Background: There are now several lines of evidence to suggest that protein synthesis and translation factors are involved in the regulation of cell proliferation and cancer development.

Aims: To investigate gene expression patterns of eukaryotic releasing factor 3 (eRF3) in gastric cancer.

Methods: RNA was prepared from 25 gastric tumour biopsies and adjacent non-neoplastic mucosa. Real time TaqMan reverse transcription polymerase chain reaction (RT-PCR) was performed to measure the relative gene expression levels. DNA was isolated from tumour and normal tissues and gene dosage was determined by a quantitative real time PCR using SYBR Green dye.

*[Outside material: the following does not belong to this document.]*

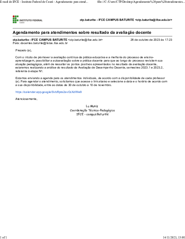 - Arquivo Agendamento para atendimentos sobre resultado da avaliação docentee.pdf Agendamento para atendimentos sobre resultado da avaliação docentee.pdf adicionado
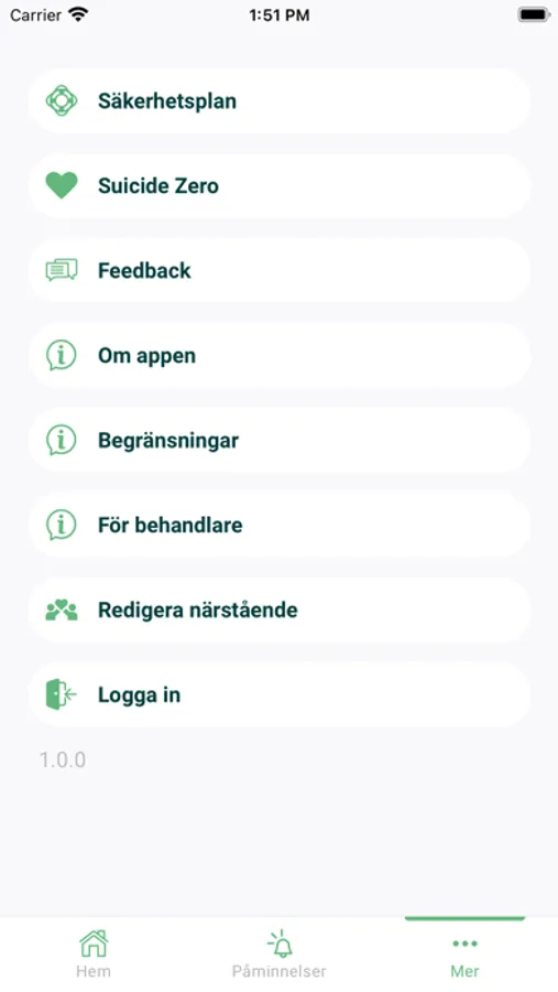 Min Livlina är avsedd som ett verktyg för självhjälp och inte som en ersättning till professionell behandling. Appens centrala funktion Säkerhetsplanen är en kopia av den fysiska individuella säkerhetsplanen som tas fram i dialog mellan dig och din behandlare. Om du själv mår mår dåligt och har självmordstankar är det viktigt att du söker hjälp.

Results: Different histological types of gastric tumours were analysed and nine of the 25 tumours revealed eRF3/GSPT1 overexpression; moreover, eight of the 12 intestinal type carcinomas analysed overexpressed the gene, whereas eRF3/GSPT1 was overexpressed in only one of the 10 diffuse type carcinomas (Kruskal-Wallis Test; p < 0.05). No correlation was found between ploidy and transcript expression levels of eRF3/GSPT1. Overexpression of eRF3/GSPT1 was not associated with increased translation rates because the upregulation of eRF3/GSPT1 did not correlate with increased eRF1 levels.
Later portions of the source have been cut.